== Supplied material ==

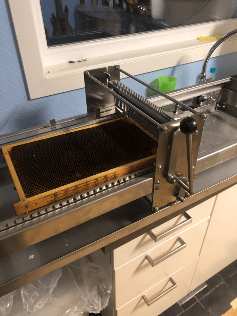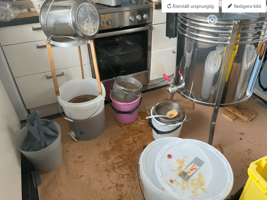 Så kommer vi till kvalster behandlingen där vi har kört vår egna metod med drönarutskärning och mjölksyra vid behov under augusti-oktober och där vi bara tar till myrsyra på hopplösa fall där nedfallet ökar drastiskt. Får vi nedfall över 6-7 per dag har vi ett potentiellt problem och då räknar vi kvalster i arbetercellerna – vi skär ut ca 100 celler, fryser dem samt räknar antal kvalster och får därmed angreppsgrad vilket säger oss hur många kvalster som gömmer sig och kommer välla ut om en vecka eller så. Mer än 700 kvalster i ynglet (0,05×15000 till exempel) kan vi inte tillåta och då blir det myrsyra. Myrsyra dödar tyvärr en del yngel och vuxna bin, vilket vi får leva med, men dessvärre dör också en del drottningar emellanåt och det kan vi inte leva med. Därför lyfte vi av matlådan, innan vi applicerade wettexduken med 40 ml 60% myrsyra, och placerade drottningen där (vi stänger flustret och låter henne sitta där i två dagar) så hon slipper den värsta chocken och dessutom undviker vi att kontaminera honungen som bina ska leva av. Vid koll igår såg det bra ut i skattlådan lådan l(vi såg nylagda ägg) och idag sätter vi tillbaks lådan och tar bort spärrgallret. Om en vecka ser vi om det blev succe, men vi tror den här metoden är rätt väg för att undvika värsta problemen med myrsyra.
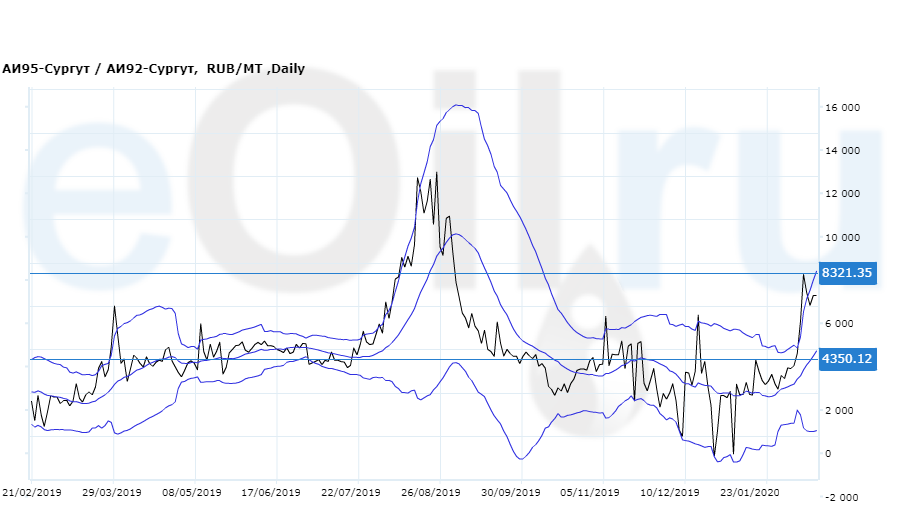 Разница цен между 95-м и 92-м бензином на базисе Сургут (Ханты-Мансийский а.о.).
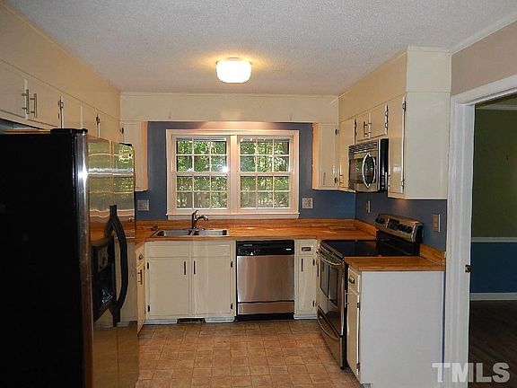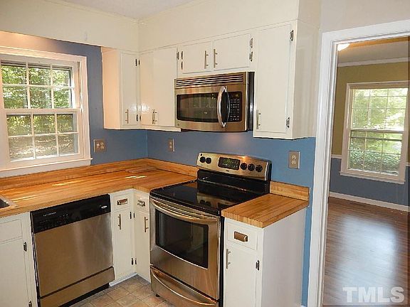 Great three bedroom, one level living home. Spacious bedrooms. Fenced in backyard. Large deck. Formal living and dining rooms. Stainless steel appliances in kitchen. Laminate floors throughout. Washer and dryer included. Conv. location off of 54. Close to dining, shopping, I-40, I-540 and RDU.
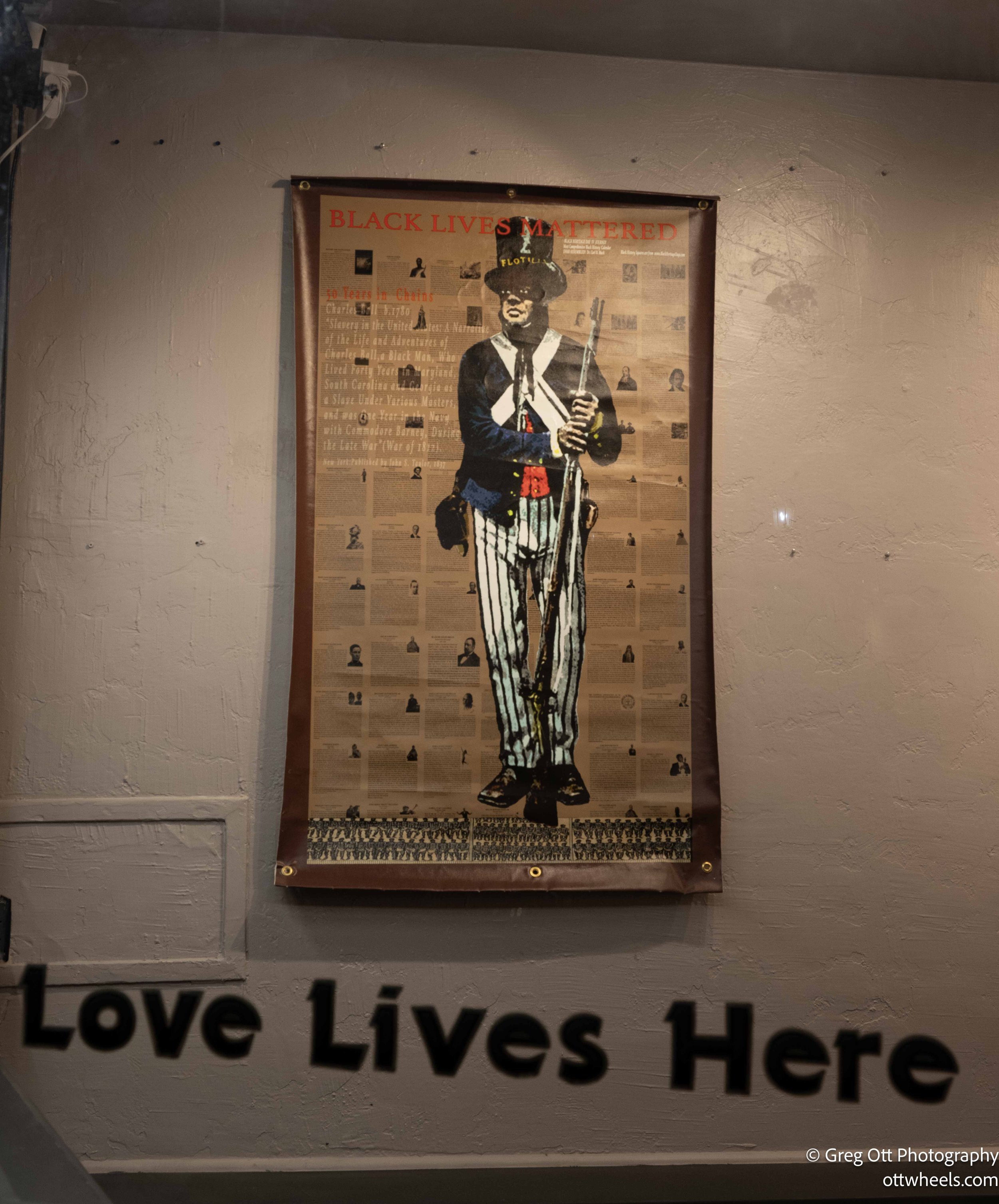 As I headed back, I passed a building with a single art piece inside and the words “Love Lives Here” painted on the window. The rest of the shop was empty. I’m not sure why, but I liked the feel of it as I turned around and made my way back toward the van. The whole town had settled into a calm rhythm. The streets were nearly empty except for a man wrapped in a large white Indian blanket who kept talking to himself. Clearly troubled, but his voice had a tone to it — almost like Gil Scott-Heron — and even the nonsense he was saying sounded strangely poetic in the quiet.

===

*Exercise description*. After removing the pictures, restate the whole listing above word for word.

*Worked solution*.
 Så kommer vi till kvalster behandlingen där vi har kört vår egna metod med drönarutskärning och mjölksyra vid behov under augusti-oktober och där vi bara tar till myrsyra på hopplösa fall där nedfallet ökar drastiskt. Får vi nedfall över 6-7 per dag har vi ett potentiellt problem och då räknar vi kvalster i arbetercellerna – vi skär ut ca 100 celler, fryser dem samt räknar antal kvalster och får därmed angreppsgrad vilket säger oss hur många kvalster som gömmer sig och kommer välla ut om en vecka eller så. Mer än 700 kvalster i ynglet (0,05×15000 till exempel) kan vi inte tillåta och då blir det myrsyra. Myrsyra dödar tyvärr en del yngel och vuxna bin, vilket vi får leva med, men dessvärre dör också en del drottningar emellanåt och det kan vi inte leva med. Därför lyfte vi av matlådan, innan vi applicerade wettexduken med 40 ml 60% myrsyra, och placerade drottningen där (vi stänger flustret och låter henne sitta där i två dagar) så hon slipper den värsta chocken och dessutom undviker vi att kontaminera honungen som bina ska leva av. Vid koll igår såg det bra ut i skattlådan lådan l(vi såg nylagda ägg) och idag sätter vi tillbaks lådan och tar bort spärrgallret. Om en vecka ser vi om det blev succe, men vi tror den här metoden är rätt väg för att undvika värsta problemen med myrsyra.
 Разница цен между 95-м и 92-м бензином на базисе Сургут (Ханты-Мансийский а.о.).
 Great three bedroom, one level living home. Spacious bedrooms. Fenced in backyard. Large deck. Formal living and dining rooms. Stainless steel appliances in kitchen. Laminate floors throughout. Washer and dryer included. Conv. location off of 54. Close to dining, shopping, I-40, I-540 and RDU.
 As I headed back, I passed a building with a single art piece inside and the words “Love Lives Here” painted on the window. The rest of the shop was empty. I’m not sure why, but I liked the feel of it as I turned around and made my way back toward the van. The whole town had settled into a calm rhythm. The streets were nearly empty except for a man wrapped in a large white Indian blanket who kept talking to himself. Clearly troubled, but his voice had a tone to it — almost like Gil Scott-Heron — and even the nonsense he was saying sounded strangely poetic in the quiet.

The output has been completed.